Humility is the discipline of asking whether the frame you are using still fits the world you are looking at.
It is the willingness to hold the way you see loosely while you ask whether it is calibrated to the case in front of you. It is the small uneasiness that the framework, however well-earned, may not be the right framework for the world you are now in. It is the practice of being curious about the gap between what you already know how to see and what is actually in front of you.
That practice, repeated for long enough, is what eventually becomes wisdom. Not the accumulation of lessons. The discipline of holding the lessons loosely.
I did not have that in 2013. I had a frame I trusted and a recent history that had validated it and a quiet certainty that I had seen this before. Trusting the frame did not feel like trusting the frame at the time. It felt like conviction. That is what makes it dangerous.

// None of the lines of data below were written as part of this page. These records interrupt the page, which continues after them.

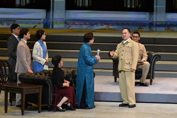 所以,观众在戏里看到陈毅在一群企业家面前展现了幽默风趣;在工人棚户区坦露出亲切真诚的本色;在“二·六”轰炸后,得悉有五百多名市民遇难时,他悲怆唱出了深深自责;在与妻子张茜的大段对唱中,又演绎了作为丈夫的挚爱柔情。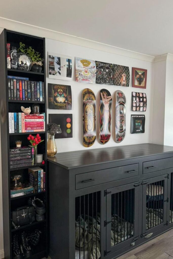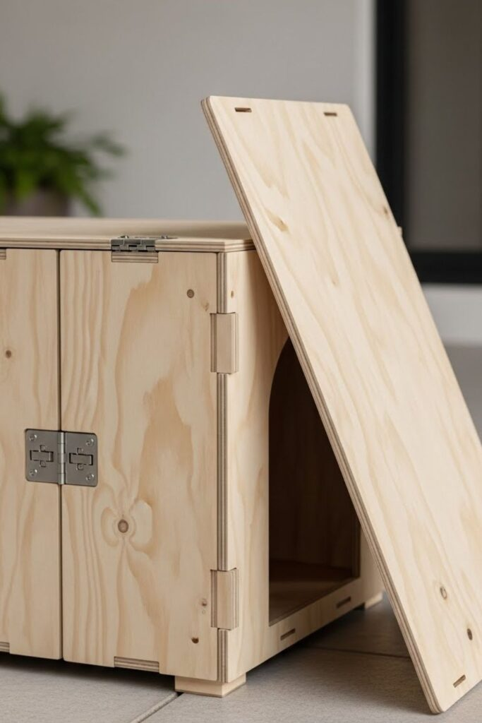 Use hardwood panels and a strong top that can hold decorations. It’s good for small dogs in shared living spaces.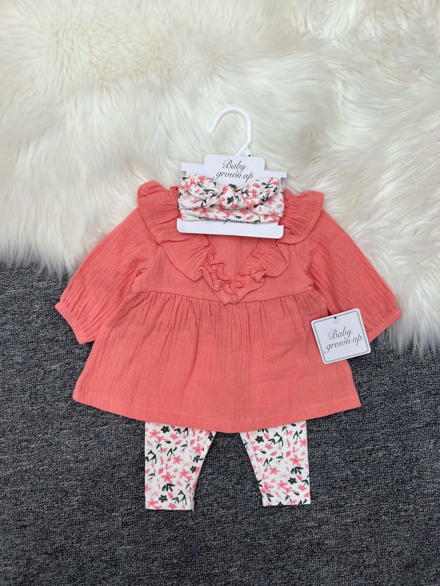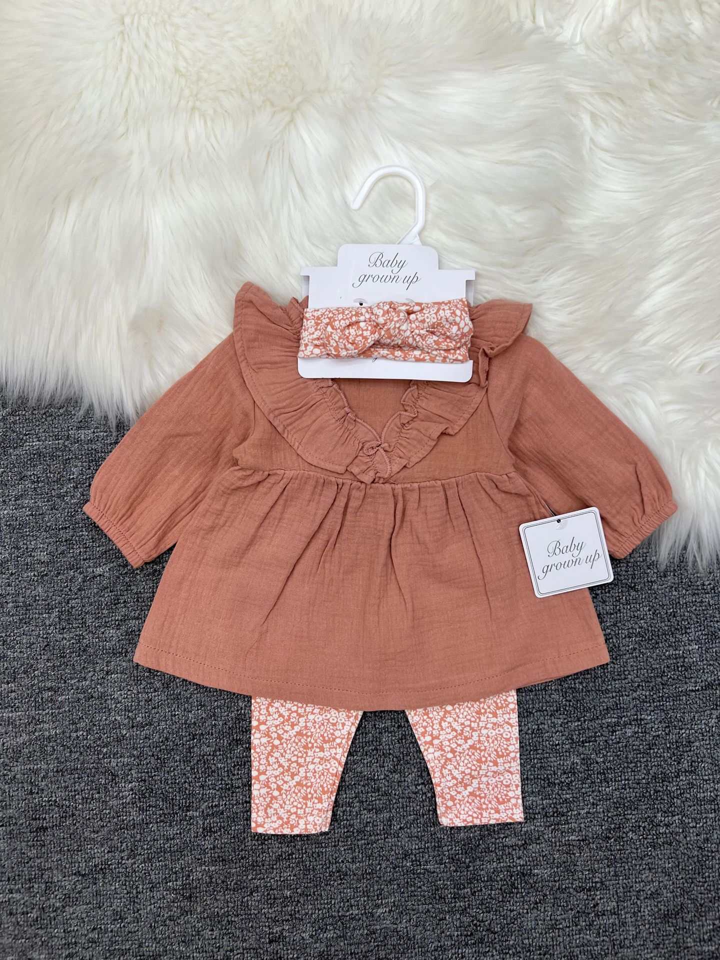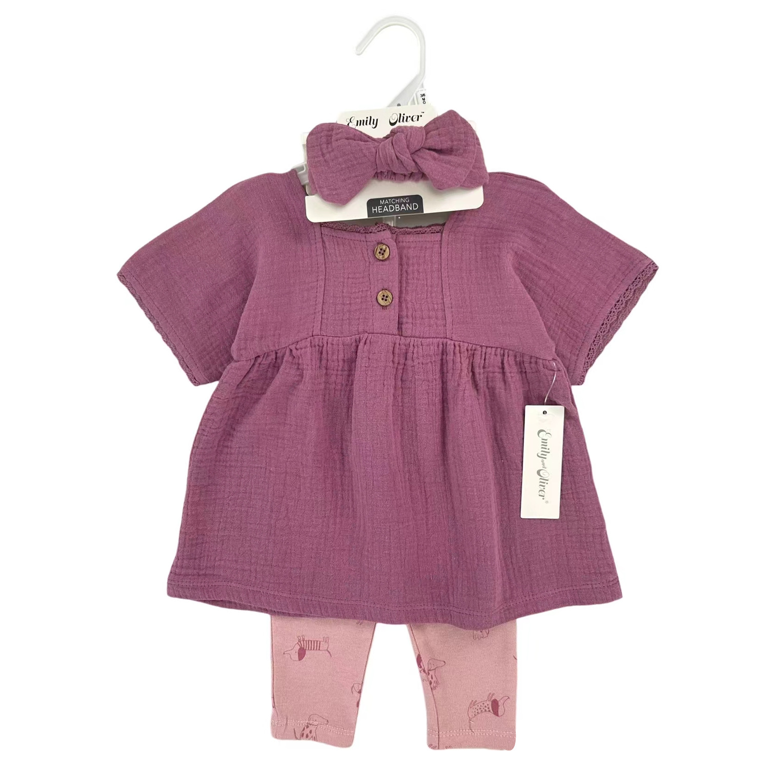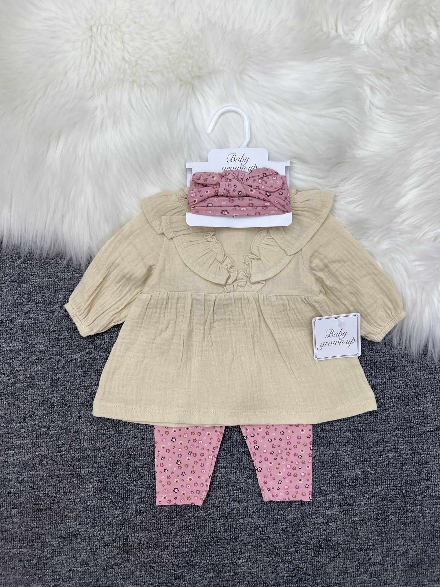 유럽풍 여아 꽃무늬 원피스 상의, 긴 바지, 헤어밴드 3종 세트, 라운드넥 긴팔 옷, 인형 스타일 풀오버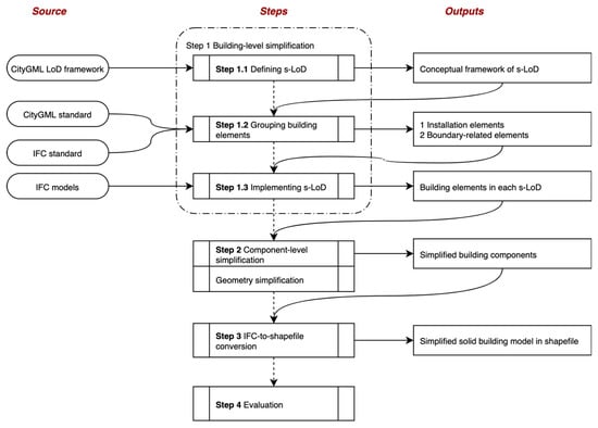 This study developed a framework for converting and simplifying solid building models at two levels, i.e., building level and component level, as shown in Figure 3. (1) At building level, a set of LoDs were specifically defined for solid building models, indicating the building elements that should be included in each LoD. In order to distinguish it from the LoD in CityGML, the LoDs defined in this study for solid models are referred to as s-LoD. The building-level model simplification is mainly about building component filtering. (2) At building component-level, the geometry of building elements, such as doors and windows, was simplified. Component-level model simplification is mainly about geometry simplification. Finally, via IFC-to-shapefile conversion, the conceptually simplified building models can be generated and stored in shapefile.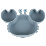 Kompletan silikonski set za hranjenje za najmlađe s preslatkim tanjurom u obliku raka, zdjelicom, čašicom s dva poklopca i slamkom, priborom za jelo te podesivom podbradnom. Silikon bez BPA, prijanjajuće podloge protiv prevrtanja i jednostavno čišćenje čine ovaj set idealnim izborom za prve samostalne obroke.

The frame eventually updated. The painful year was the cost.
Here is what is ironic about all of this.
The same investors who eventually capitulated on SaaS, who accepted that their frames had to be recalibrated and learned to underwrite the new regime, are now sitting in front of AI doing two things at the same time.
Worrying that SaaS is structurally impaired by AI.
Worrying that AI itself is a bubble.
Both worries are running off frames that were built in earlier regimes. Both could be right. Both could also be the reps reading the wrong thing with confidence. From inside the frame, you cannot tell which one you are doing.
The price has not been discovered yet. Nobody knows the answer.
What I know is that trusting the frame feels like conviction every time. The reps will tell you that you have seen this before. The wisdom, if you have any of it yet, will ask you whether you really have.
This week's question:
What is one lesson you are carrying as wisdom that may still just be reps?